= Beginning of Section =

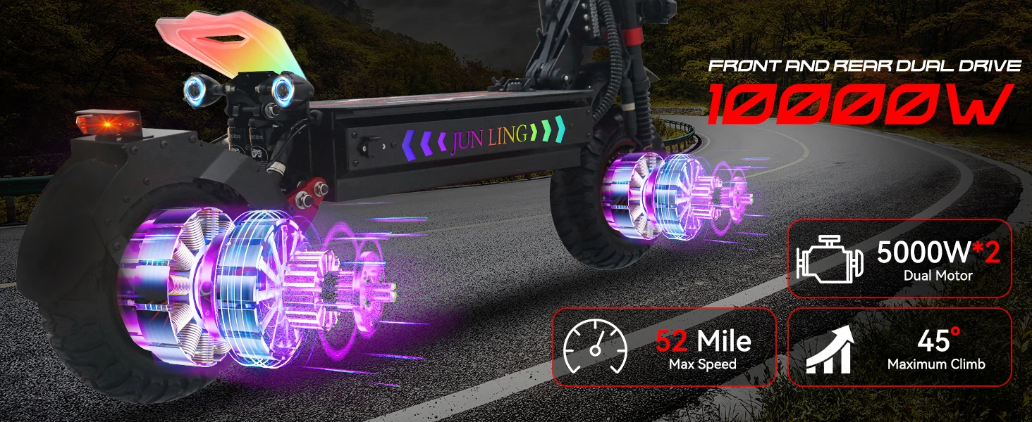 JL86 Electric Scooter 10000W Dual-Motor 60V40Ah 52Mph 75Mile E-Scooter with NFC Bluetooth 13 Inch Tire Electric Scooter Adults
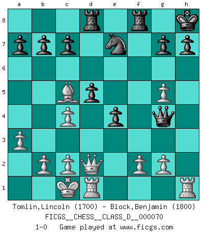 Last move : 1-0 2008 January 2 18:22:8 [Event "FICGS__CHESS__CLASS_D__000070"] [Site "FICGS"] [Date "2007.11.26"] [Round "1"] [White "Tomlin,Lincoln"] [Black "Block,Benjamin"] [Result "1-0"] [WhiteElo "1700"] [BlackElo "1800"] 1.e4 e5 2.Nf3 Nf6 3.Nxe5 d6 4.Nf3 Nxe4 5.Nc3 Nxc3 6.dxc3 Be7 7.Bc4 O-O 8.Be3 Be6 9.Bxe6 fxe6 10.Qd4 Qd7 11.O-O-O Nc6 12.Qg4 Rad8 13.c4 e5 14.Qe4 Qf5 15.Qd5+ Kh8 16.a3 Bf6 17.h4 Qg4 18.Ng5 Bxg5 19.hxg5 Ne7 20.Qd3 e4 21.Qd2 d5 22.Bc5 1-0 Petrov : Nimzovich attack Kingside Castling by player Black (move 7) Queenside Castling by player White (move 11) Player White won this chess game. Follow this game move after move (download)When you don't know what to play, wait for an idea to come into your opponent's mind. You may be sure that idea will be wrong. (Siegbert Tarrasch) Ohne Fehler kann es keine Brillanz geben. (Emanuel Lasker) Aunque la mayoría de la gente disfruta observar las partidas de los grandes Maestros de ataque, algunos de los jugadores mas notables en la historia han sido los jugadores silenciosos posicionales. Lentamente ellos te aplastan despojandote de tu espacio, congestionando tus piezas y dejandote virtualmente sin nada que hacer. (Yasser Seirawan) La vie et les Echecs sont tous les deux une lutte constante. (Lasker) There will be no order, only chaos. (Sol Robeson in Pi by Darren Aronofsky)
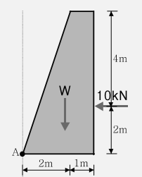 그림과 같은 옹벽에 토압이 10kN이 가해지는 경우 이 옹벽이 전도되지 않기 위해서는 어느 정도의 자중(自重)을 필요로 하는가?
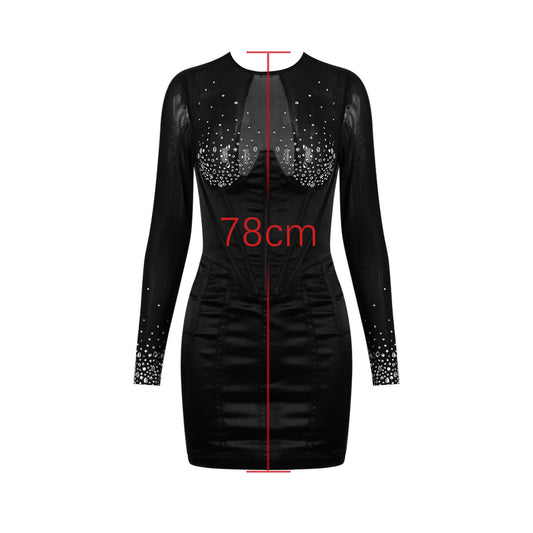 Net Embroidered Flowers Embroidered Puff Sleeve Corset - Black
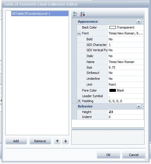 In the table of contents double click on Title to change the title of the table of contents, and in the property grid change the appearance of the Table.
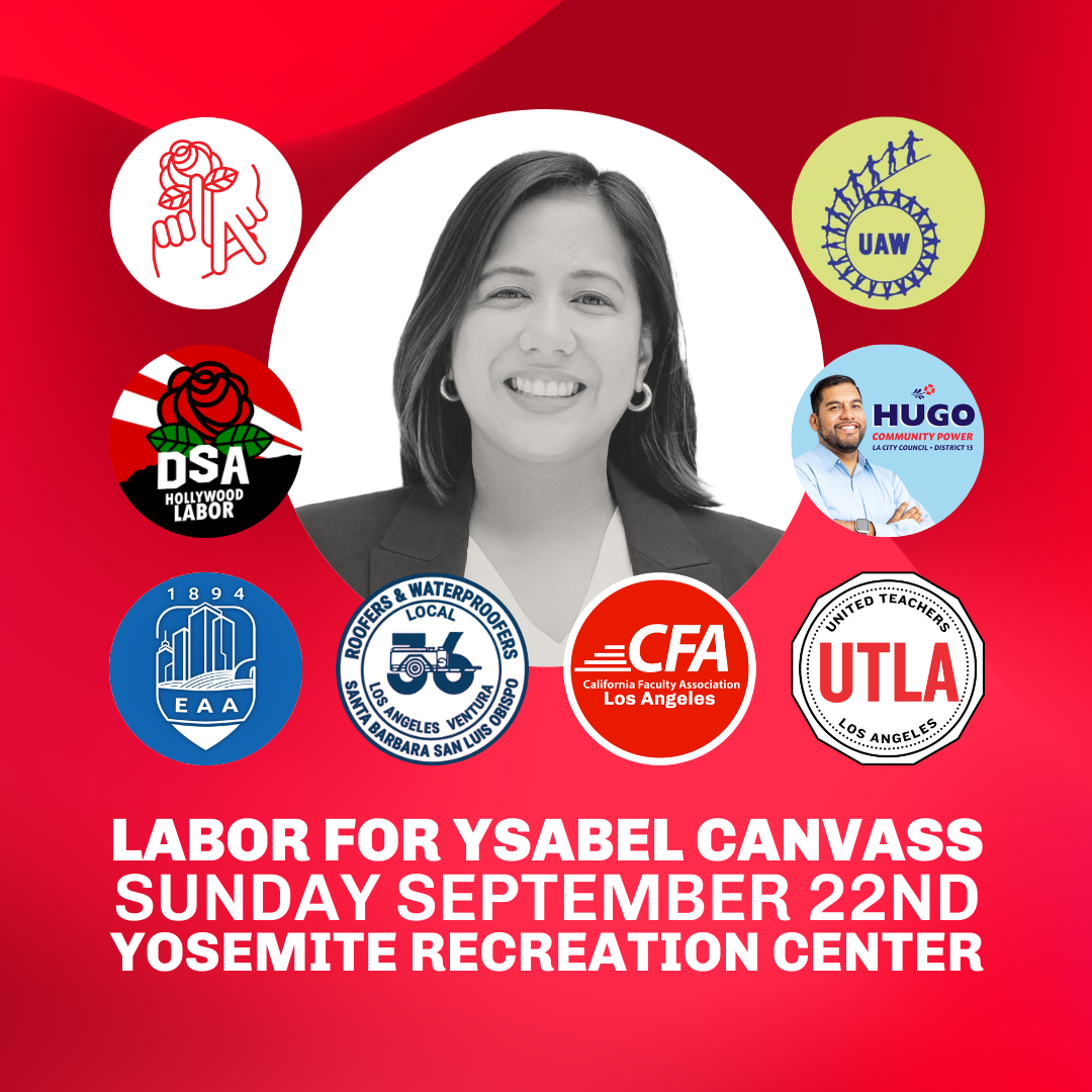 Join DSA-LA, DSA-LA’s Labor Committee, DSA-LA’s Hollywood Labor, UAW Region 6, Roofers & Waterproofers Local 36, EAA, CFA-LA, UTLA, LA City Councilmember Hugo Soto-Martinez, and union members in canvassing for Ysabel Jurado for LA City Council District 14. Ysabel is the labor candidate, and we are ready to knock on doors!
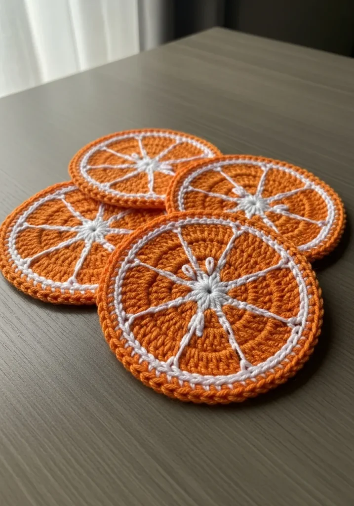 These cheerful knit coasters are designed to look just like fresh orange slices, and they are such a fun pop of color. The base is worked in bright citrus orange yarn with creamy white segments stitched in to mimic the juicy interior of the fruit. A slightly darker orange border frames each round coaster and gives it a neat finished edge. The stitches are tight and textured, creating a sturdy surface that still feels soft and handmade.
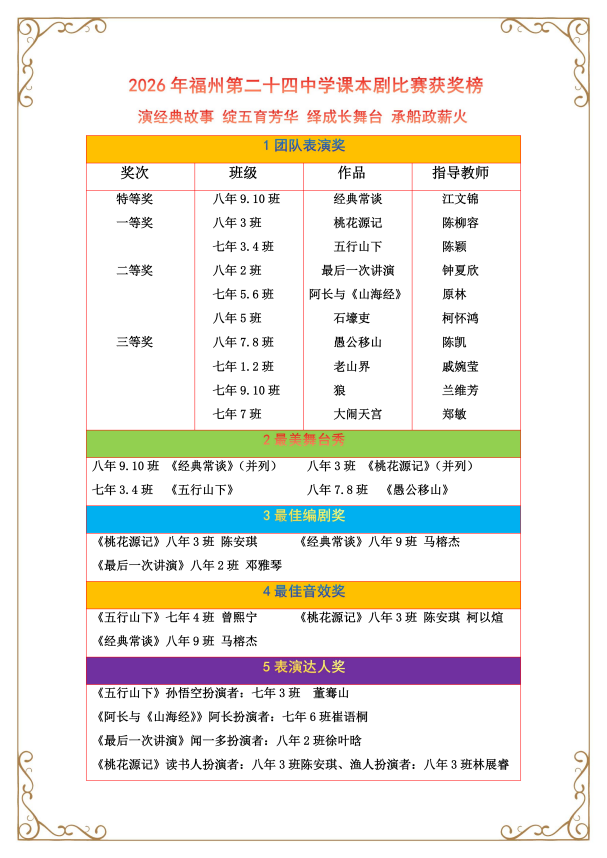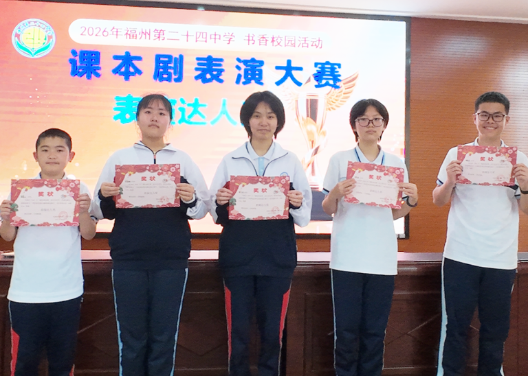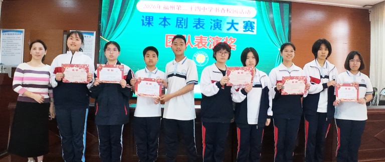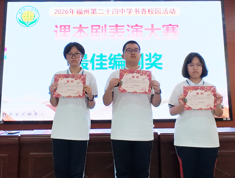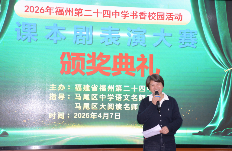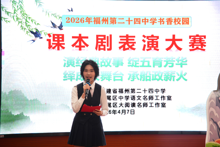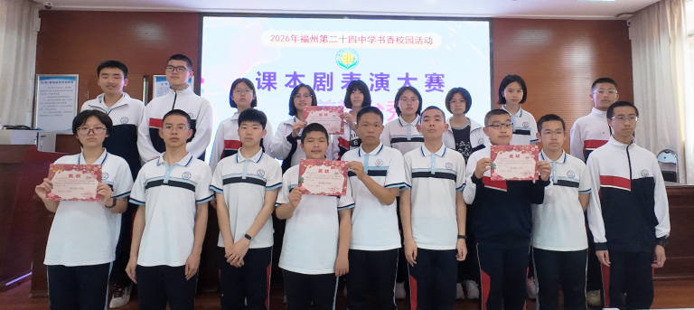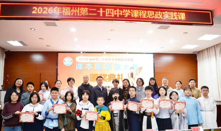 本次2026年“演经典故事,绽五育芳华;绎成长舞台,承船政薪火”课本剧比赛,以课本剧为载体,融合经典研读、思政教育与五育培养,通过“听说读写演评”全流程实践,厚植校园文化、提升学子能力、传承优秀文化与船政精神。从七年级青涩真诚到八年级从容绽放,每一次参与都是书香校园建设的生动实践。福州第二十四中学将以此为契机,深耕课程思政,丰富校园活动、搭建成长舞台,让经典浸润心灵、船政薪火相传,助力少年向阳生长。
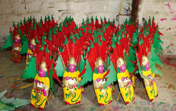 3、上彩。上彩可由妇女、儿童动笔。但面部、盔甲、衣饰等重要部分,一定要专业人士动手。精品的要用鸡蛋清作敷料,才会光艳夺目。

= End of Section =

## PROBLEM STATEMENT
Produce an exact reproduction of the listing above, limited to the lines starting at the line with "Join DSA-LA, DSA-LA’s" and ending at the line with "These cheerful knit", both kept, with every picture left out.

## RESPONSE TO THE TASK
 Join DSA-LA, DSA-LA’s Labor Committee, DSA-LA’s Hollywood Labor, UAW Region 6, Roofers & Waterproofers Local 36, EAA, CFA-LA, UTLA, LA City Councilmember Hugo Soto-Martinez, and union members in canvassing for Ysabel Jurado for LA City Council District 14. Ysabel is the labor candidate, and we are ready to knock on doors!
 These cheerful knit coasters are designed to look just like fresh orange slices, and they are such a fun pop of color. The base is worked in bright citrus orange yarn with creamy white segments stitched in to mimic the juicy interior of the fruit. A slightly darker orange border frames each round coaster and gives it a neat finished edge. The stitches are tight and textured, creating a sturdy surface that still feels soft and handmade.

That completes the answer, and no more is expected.